__Task goal__. Write out an exact copy of the line containing "26 พฤศจิกายน 2561" and all lines that follow it in the data below, leaving out pictures.

Start of Records for processing

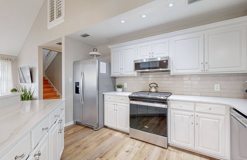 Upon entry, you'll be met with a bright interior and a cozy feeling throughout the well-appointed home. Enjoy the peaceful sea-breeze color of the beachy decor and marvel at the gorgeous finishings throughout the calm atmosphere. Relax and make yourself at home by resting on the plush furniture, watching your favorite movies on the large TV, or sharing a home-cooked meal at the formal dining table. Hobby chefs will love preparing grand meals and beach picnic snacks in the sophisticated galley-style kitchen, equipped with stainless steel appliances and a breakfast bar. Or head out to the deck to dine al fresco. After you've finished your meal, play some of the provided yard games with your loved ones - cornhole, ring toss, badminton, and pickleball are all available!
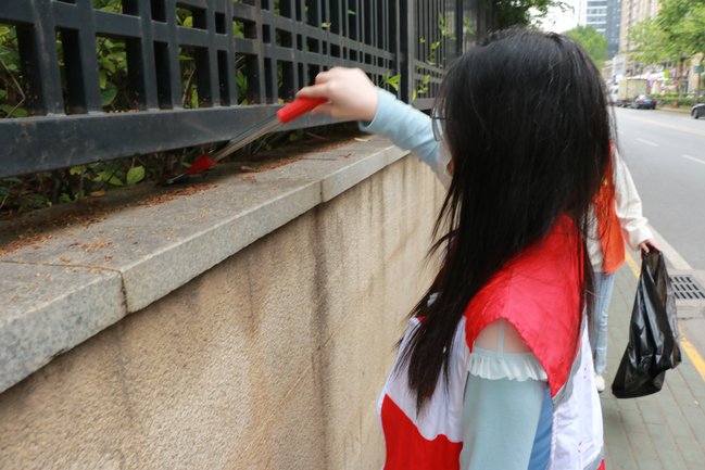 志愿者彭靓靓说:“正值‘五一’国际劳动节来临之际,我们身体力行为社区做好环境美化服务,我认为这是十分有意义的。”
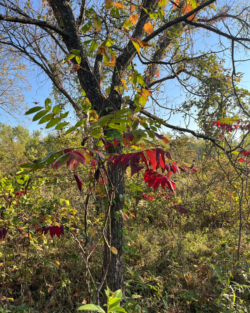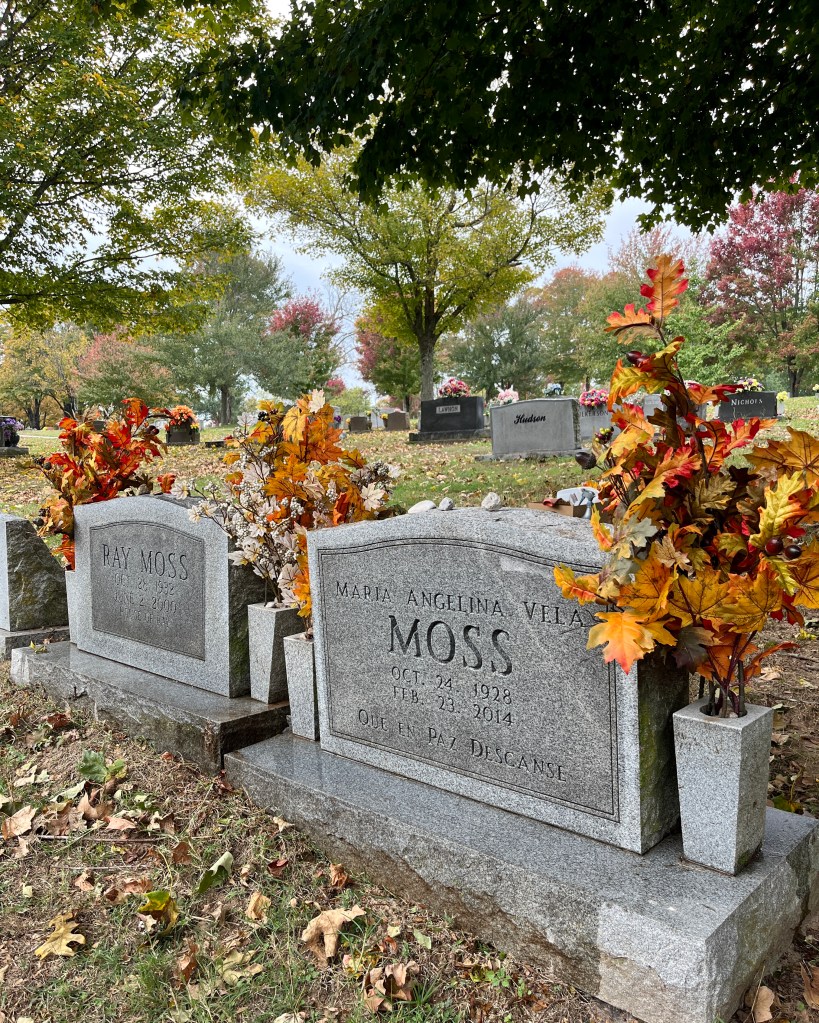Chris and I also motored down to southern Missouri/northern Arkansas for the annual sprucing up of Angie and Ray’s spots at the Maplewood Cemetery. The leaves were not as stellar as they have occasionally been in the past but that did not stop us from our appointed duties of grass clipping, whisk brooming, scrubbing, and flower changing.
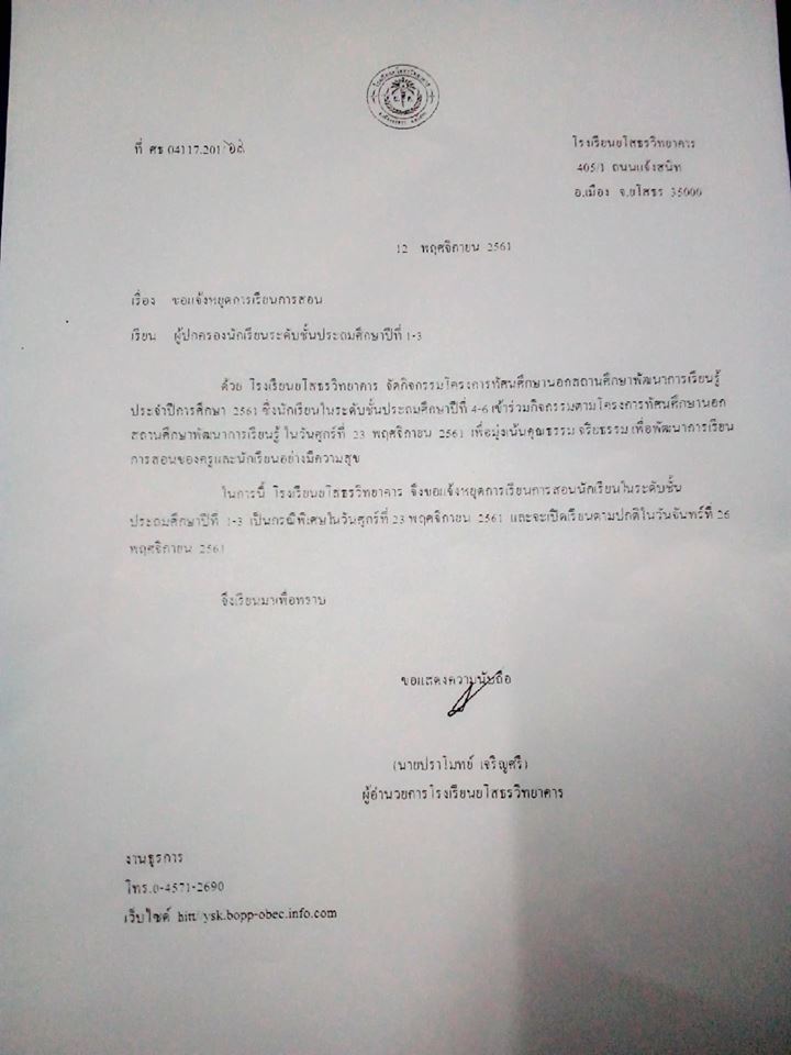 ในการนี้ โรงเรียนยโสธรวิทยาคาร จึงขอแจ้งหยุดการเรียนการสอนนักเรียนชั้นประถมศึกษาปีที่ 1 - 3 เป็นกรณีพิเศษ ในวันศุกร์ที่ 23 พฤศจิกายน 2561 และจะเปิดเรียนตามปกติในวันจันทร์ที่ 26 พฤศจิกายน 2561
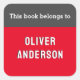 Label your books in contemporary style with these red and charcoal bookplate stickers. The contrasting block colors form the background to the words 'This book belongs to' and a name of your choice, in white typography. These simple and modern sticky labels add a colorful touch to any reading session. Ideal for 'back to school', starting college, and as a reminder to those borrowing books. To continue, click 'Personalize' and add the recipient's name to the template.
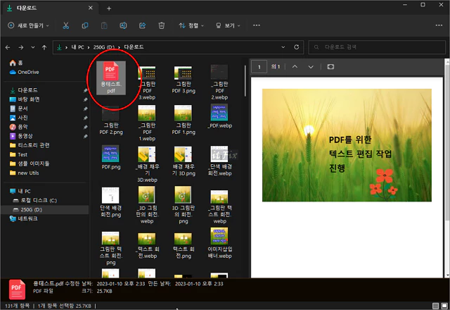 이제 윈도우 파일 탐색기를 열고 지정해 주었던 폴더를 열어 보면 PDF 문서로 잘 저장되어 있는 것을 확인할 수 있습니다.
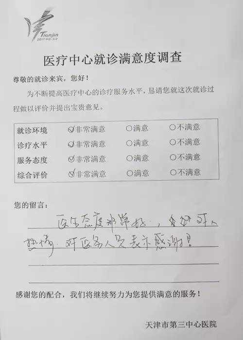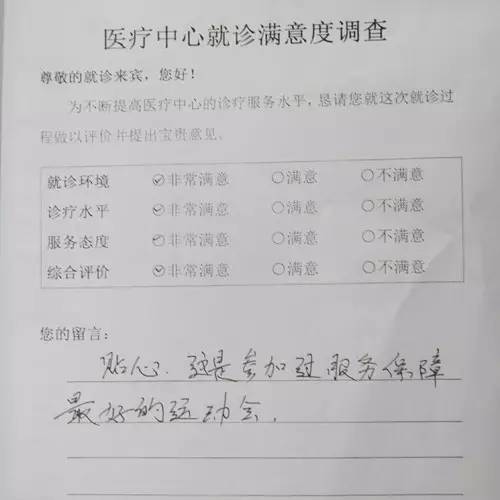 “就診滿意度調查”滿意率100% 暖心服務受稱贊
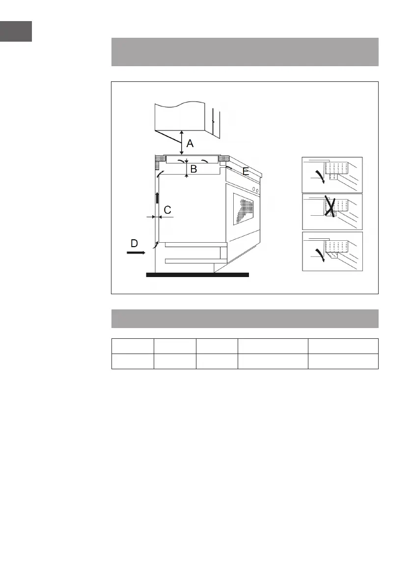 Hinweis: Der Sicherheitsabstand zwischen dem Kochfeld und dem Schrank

End of Records for processing

__Solution for this problem__.
 ในการนี้ โรงเรียนยโสธรวิทยาคาร จึงขอแจ้งหยุดการเรียนการสอนนักเรียนชั้นประถมศึกษาปีที่ 1 - 3 เป็นกรณีพิเศษ ในวันศุกร์ที่ 23 พฤศจิกายน 2561 และจะเปิดเรียนตามปกติในวันจันทร์ที่ 26 พฤศจิกายน 2561
 Label your books in contemporary style with these red and charcoal bookplate stickers. The contrasting block colors form the background to the words 'This book belongs to' and a name of your choice, in white typography. These simple and modern sticky labels add a colorful touch to any reading session. Ideal for 'back to school', starting college, and as a reminder to those borrowing books. To continue, click 'Personalize' and add the recipient's name to the template.
 이제 윈도우 파일 탐색기를 열고 지정해 주었던 폴더를 열어 보면 PDF 문서로 잘 저장되어 있는 것을 확인할 수 있습니다.
 “就診滿意度調查”滿意率100% 暖心服務受稱贊
 Hinweis: Der Sicherheitsabstand zwischen dem Kochfeld und dem Schrank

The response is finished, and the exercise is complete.